Handwerk aus der SüdstadtGitta Clausen gießt seit 20 Jahren Kerzen
Innenstadt – Gitte Clausen zweifelt nicht an der Bedeutung ihres Tuns: „Was sollen denn die Menschen jetzt machen außer Kerzen anzünden, Rotwein trinken und Kinder zeugen? So gesehen bin ich systemrelevant.“ Darüber muss sie dann erstmal selbst laut lachen. Gitte Clausen gießt Kerzen.
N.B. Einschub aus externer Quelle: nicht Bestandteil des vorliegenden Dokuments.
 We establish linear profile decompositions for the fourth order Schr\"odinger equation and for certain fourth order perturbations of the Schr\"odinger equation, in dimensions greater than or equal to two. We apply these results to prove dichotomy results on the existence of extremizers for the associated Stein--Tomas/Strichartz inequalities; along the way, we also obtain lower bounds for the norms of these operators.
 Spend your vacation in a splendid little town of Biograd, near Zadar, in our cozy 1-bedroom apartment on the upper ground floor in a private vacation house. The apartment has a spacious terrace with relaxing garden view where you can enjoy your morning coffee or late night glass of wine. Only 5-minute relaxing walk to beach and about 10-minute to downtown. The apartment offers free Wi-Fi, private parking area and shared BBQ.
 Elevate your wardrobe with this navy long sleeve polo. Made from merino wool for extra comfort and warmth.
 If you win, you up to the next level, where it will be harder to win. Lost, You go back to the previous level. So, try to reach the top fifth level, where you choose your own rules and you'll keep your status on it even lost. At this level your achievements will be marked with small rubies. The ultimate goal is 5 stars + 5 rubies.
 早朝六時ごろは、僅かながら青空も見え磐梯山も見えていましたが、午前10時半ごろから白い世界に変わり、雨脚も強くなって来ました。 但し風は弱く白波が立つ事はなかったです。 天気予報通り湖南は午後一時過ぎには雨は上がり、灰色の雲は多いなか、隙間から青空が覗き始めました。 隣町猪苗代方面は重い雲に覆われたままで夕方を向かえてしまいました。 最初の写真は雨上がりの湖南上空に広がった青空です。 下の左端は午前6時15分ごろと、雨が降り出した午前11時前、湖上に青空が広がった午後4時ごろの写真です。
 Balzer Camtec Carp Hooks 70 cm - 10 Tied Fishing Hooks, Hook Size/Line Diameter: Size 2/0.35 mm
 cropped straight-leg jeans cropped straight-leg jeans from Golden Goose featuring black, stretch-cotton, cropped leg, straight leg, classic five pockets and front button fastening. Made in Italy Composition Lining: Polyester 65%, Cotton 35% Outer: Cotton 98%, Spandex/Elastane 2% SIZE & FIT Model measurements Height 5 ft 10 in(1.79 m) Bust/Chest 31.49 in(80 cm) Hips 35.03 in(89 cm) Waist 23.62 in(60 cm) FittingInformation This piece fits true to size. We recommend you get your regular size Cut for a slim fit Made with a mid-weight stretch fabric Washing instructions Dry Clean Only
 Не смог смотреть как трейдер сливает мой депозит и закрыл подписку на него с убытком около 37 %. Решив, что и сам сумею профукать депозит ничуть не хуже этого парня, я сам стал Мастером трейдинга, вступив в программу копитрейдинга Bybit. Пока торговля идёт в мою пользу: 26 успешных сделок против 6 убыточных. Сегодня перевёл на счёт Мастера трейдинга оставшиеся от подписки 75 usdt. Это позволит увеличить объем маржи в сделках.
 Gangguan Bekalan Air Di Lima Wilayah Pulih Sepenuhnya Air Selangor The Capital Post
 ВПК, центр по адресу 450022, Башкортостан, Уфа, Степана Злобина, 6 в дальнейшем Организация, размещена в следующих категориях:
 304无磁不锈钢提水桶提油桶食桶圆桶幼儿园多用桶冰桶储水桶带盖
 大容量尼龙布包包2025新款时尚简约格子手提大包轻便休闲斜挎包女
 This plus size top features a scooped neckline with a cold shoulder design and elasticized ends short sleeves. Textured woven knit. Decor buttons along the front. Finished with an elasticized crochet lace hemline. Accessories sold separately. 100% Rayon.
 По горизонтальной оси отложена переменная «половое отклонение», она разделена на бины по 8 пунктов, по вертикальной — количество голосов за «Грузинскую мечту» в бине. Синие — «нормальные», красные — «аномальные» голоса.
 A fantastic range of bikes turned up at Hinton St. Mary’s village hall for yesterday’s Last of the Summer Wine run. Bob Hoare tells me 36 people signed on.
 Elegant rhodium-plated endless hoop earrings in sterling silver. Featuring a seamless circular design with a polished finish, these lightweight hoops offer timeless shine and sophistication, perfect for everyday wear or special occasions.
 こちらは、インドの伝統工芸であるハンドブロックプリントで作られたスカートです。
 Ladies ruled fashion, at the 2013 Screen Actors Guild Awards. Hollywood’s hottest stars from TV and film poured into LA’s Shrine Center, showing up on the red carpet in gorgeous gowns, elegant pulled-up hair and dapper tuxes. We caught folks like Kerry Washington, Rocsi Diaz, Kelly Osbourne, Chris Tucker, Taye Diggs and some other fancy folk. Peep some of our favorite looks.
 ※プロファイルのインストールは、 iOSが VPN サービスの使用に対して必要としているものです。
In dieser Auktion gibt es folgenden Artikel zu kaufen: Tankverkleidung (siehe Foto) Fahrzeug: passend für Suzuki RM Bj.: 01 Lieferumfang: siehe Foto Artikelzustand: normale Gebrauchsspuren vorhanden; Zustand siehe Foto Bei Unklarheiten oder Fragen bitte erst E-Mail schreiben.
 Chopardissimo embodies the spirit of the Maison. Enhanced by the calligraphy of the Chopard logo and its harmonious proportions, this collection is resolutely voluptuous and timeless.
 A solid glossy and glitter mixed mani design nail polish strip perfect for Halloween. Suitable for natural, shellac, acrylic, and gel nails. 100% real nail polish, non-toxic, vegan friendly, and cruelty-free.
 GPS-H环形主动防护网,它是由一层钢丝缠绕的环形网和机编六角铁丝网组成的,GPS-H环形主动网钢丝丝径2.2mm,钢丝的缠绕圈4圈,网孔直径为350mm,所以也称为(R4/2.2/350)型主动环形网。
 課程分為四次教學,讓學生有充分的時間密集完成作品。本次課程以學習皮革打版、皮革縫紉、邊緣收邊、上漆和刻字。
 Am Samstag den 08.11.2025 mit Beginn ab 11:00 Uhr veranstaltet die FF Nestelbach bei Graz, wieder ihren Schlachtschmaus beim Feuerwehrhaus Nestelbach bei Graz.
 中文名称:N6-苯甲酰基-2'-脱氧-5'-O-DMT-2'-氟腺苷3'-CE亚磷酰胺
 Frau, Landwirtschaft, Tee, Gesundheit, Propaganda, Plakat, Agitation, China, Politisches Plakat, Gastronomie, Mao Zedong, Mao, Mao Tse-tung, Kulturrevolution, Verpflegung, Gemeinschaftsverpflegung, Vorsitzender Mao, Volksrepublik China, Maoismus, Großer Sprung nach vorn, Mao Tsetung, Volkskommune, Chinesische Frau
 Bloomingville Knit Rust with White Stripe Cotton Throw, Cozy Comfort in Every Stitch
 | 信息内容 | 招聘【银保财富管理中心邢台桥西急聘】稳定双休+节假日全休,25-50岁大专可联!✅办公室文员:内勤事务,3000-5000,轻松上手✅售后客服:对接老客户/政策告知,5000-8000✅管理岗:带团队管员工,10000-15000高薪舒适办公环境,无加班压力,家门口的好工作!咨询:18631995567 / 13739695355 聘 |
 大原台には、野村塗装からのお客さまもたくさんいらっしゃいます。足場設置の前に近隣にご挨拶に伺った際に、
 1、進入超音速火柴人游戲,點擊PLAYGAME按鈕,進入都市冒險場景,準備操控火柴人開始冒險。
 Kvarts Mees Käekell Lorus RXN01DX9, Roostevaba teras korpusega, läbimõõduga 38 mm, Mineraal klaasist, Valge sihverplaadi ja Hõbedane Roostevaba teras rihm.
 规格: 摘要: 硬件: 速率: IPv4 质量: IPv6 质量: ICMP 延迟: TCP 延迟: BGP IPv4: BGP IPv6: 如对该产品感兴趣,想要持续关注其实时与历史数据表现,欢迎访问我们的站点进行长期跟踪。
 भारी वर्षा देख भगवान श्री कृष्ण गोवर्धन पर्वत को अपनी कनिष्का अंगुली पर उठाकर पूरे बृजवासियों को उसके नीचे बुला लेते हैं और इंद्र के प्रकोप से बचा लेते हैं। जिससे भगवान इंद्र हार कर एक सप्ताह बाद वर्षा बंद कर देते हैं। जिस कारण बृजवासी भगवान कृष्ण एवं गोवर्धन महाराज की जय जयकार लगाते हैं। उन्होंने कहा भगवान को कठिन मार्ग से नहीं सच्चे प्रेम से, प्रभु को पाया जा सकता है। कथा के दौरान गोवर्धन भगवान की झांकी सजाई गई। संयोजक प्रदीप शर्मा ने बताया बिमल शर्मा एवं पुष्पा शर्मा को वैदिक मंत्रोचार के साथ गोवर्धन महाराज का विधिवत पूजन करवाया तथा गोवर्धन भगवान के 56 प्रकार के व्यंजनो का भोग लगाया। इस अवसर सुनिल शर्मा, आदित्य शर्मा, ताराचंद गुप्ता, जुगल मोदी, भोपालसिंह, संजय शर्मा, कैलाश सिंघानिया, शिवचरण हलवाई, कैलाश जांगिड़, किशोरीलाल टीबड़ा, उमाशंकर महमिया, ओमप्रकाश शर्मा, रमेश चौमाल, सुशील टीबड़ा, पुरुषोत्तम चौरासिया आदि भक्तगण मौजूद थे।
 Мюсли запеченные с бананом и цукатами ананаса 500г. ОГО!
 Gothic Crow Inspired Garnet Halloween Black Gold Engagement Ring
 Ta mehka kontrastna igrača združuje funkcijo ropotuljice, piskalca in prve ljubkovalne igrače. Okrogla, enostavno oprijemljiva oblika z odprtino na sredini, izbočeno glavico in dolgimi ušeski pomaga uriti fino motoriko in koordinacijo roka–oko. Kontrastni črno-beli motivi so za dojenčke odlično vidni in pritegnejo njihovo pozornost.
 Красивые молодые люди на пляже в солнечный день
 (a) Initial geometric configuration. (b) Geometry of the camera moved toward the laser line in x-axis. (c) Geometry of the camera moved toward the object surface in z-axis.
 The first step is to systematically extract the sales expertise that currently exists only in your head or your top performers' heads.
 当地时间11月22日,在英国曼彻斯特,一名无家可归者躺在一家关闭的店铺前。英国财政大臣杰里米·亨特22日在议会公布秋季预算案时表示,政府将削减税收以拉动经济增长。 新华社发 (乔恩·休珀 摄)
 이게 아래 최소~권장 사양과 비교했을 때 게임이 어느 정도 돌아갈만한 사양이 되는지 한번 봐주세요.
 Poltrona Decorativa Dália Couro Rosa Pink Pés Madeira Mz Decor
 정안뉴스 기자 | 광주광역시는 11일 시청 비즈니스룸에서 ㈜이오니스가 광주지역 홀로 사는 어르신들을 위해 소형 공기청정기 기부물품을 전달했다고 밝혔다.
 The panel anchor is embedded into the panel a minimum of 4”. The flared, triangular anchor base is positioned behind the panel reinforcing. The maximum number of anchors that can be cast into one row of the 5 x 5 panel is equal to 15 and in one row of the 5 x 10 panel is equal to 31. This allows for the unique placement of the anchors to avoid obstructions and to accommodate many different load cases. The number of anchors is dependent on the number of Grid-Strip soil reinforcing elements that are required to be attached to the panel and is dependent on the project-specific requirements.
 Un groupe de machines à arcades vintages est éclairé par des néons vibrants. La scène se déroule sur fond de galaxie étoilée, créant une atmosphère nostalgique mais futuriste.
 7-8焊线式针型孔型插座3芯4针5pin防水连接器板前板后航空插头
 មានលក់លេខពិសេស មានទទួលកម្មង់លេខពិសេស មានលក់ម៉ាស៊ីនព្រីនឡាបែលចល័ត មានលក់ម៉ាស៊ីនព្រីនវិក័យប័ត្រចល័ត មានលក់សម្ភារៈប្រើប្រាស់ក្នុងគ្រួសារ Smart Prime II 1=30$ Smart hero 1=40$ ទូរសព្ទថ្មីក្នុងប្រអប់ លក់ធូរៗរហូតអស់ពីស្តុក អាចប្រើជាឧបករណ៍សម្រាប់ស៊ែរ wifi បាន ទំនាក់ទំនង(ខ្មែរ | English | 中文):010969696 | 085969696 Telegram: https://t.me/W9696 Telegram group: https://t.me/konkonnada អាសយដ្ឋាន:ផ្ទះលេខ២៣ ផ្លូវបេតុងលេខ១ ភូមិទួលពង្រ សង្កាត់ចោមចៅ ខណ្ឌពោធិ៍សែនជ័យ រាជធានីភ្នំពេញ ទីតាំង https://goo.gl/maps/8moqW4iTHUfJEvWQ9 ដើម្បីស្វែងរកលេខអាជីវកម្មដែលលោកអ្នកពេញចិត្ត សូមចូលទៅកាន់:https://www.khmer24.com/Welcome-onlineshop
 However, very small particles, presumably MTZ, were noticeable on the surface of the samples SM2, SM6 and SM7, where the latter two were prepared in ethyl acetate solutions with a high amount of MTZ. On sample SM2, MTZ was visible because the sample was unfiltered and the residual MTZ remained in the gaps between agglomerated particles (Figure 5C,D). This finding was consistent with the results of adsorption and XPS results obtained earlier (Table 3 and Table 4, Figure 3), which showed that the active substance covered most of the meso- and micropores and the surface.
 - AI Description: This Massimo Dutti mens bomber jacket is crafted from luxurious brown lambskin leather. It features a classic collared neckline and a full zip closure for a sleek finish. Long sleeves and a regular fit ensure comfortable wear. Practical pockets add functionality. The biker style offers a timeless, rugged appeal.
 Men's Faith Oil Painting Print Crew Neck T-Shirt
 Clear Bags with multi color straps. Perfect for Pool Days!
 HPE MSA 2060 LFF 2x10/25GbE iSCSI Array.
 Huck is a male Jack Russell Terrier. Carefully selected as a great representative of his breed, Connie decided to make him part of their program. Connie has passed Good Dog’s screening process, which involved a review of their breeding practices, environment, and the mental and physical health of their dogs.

In ihrer kleinen Werkstatt hinter dem Laden im Schatten der Severinskirche stehen etliche Rohre mit unterschiedlichen Höhen und Durchmessern senkrecht auf einem Tisch. Sie erinnern an Sonnenschirmständer. Das sind die Formen für die Kerzen.
Stearin statt Bienenwachs
„Ich benutze flüssiges Stearin“, erzählt Gitte Clausen. Stearin ist ein erkaltetes Fett, das aus Rapspflanzen gewonnen wird. Sie bezieht den Rohstoff von einer Raffinerie in Hamburg. „Stearin brennt länger und hat eine höhere Leuchtkraft als Paraffin. Und es rußt weniger.“ Bienenwachs sei sehr teuer: „Eine Stearin-Kerze, die ich für fünf Euro verkaufe, würde aus Bienenwachs mindestens acht Euro kosten.“ Drei Viertel aller in Deutschland verkauften Kerzen bestehen aus Paraffin.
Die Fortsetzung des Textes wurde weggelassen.